I am not sure how to admit this. It has been nagging at the back of my head (and heart) for a really long time. It’s a conversation I had with my intern just yesterday. I read certain books challenging me in my walk with Christ and I push it down for a little while and pretend it isn’t there. However, if it goes unchecked I deal with the temptation once again.
If I am totally honest I would love to be famous. Alright, maybe not REALLY famous like paparazzi in my face all the time, but at least noticed. Perhaps, not totally noticed, but it would be great to feel important… or heard… or something.

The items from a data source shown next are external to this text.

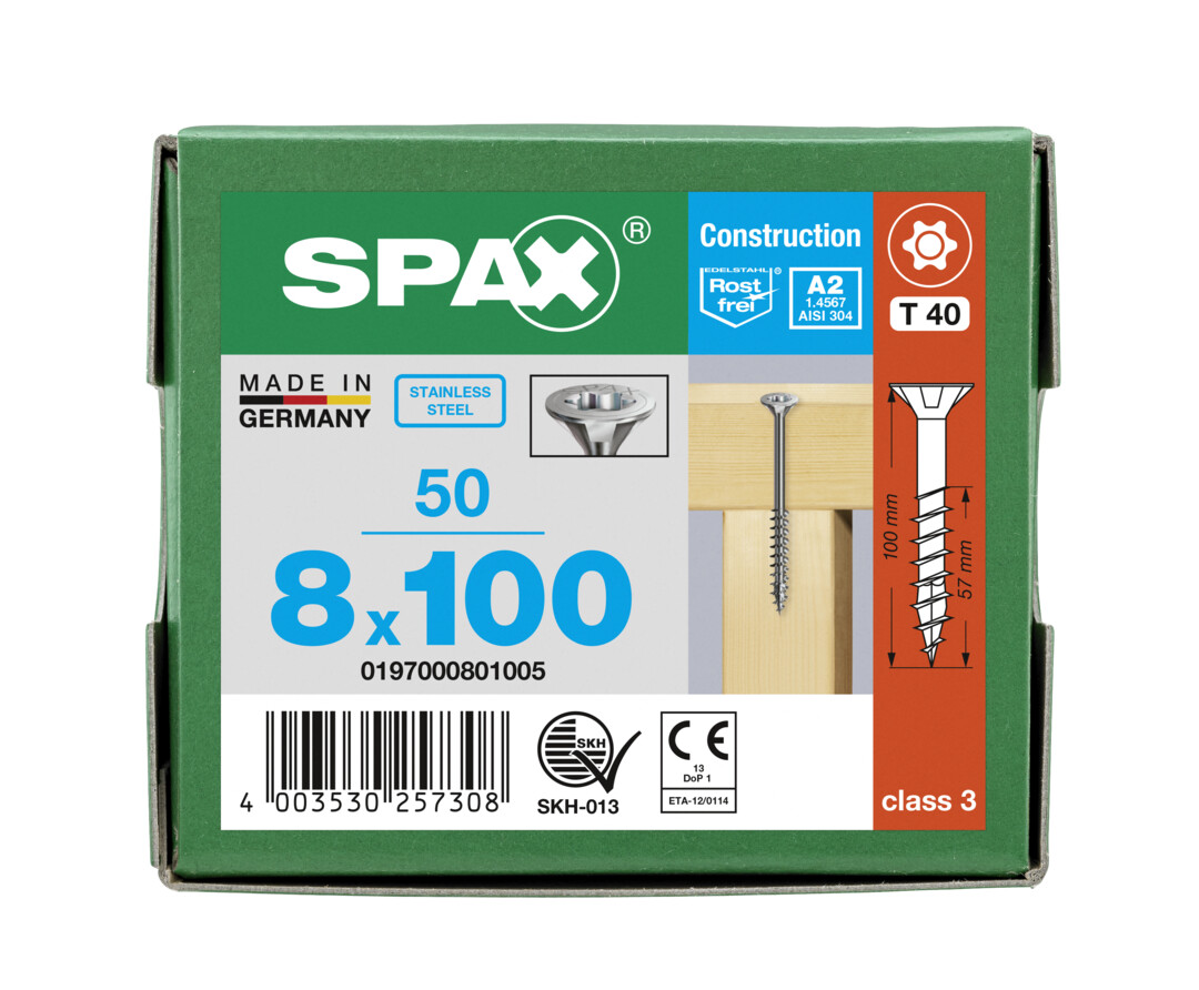 - 4CUT: Ohne Vorbohren (holzabhängig), ihre Spitze verringert wirkungsvoll die Spaltwirkung. Vierkant verdrängt die Fasern des Holzes und reduziert das Einschraubdrehmoment.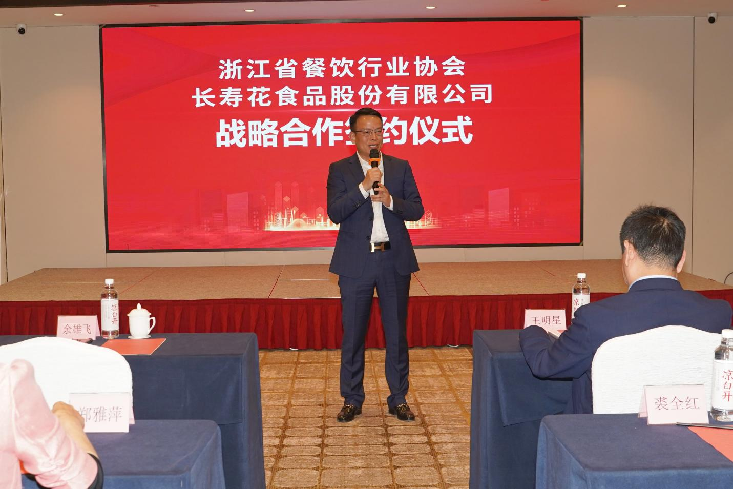11月8日,浙江省餐飲行業(yè)協(xié)會(huì)與長壽花食品戰(zhàn)略合作簽約儀式在浙江桐廬舉行,雙方將在品質(zhì)糧油集采、供應(yīng)鏈協(xié)同搭建等領(lǐng)域展開深入合作,攜手開啟健康餐飲高質(zhì)量發(fā)展的合作新篇章。浙江省餐飲行業(yè)協(xié)會(huì)副會(huì)長、團(tuán)餐委理事長余雄飛,副會(huì)長戈掌根,長壽花食品董事長、總經(jīng)理王明星,營銷總監(jiān)任在順,以及浙江省餐飲行業(yè)協(xié)會(huì)團(tuán)餐委委員單位及成員企業(yè)出席活動(dòng)。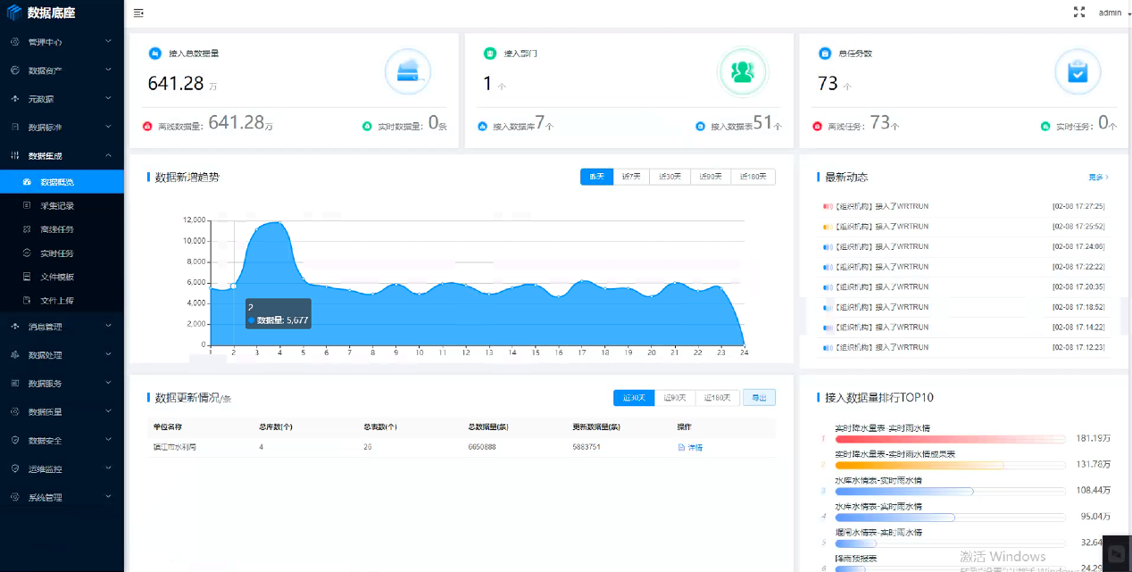 通过数据资源获取、整合集成各类数据、建立水利数据资源目录、数据更新机制,汇集水利基础数据、监测数据、业务数据、空间地理数据、视频监控等数据。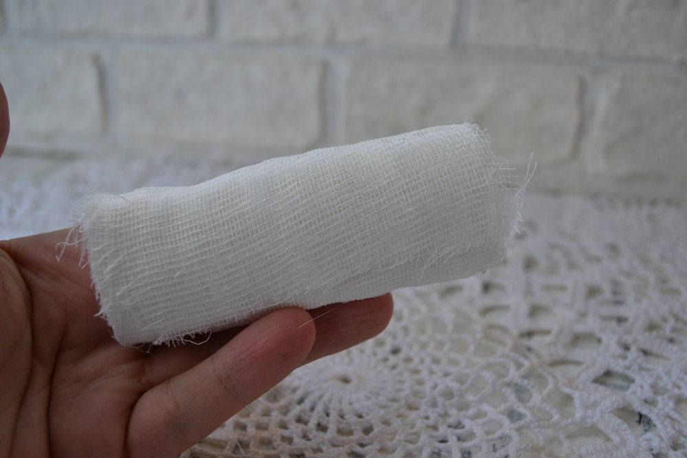 Взяла обычный аптечный бинт. Немного поясню почему бинт, марля либо другой неплотный материал. Он очень капризный, осыпается и с ним я никогда не сталкивалась на своем рукодельном пути.

It doesn’t help that we live in a culture that is pushing me to grab my fifteen minutes of fame. It can be as simple as uploading the correct “youtube” video or picture that goes “viral.” If I am witty enough, people might like what I have to say. On a couple of occasions I have been blessed to talk to different “book” agents and fill out proposals for writing. I have also been told to grow my “following” on blogs, twitter, and Facebook if I want to be “noticed.” Leadership books fuel my fire with great insights into growing my “platform” or “being heard.” “Get out there and take your fame!” is what rings in my ears.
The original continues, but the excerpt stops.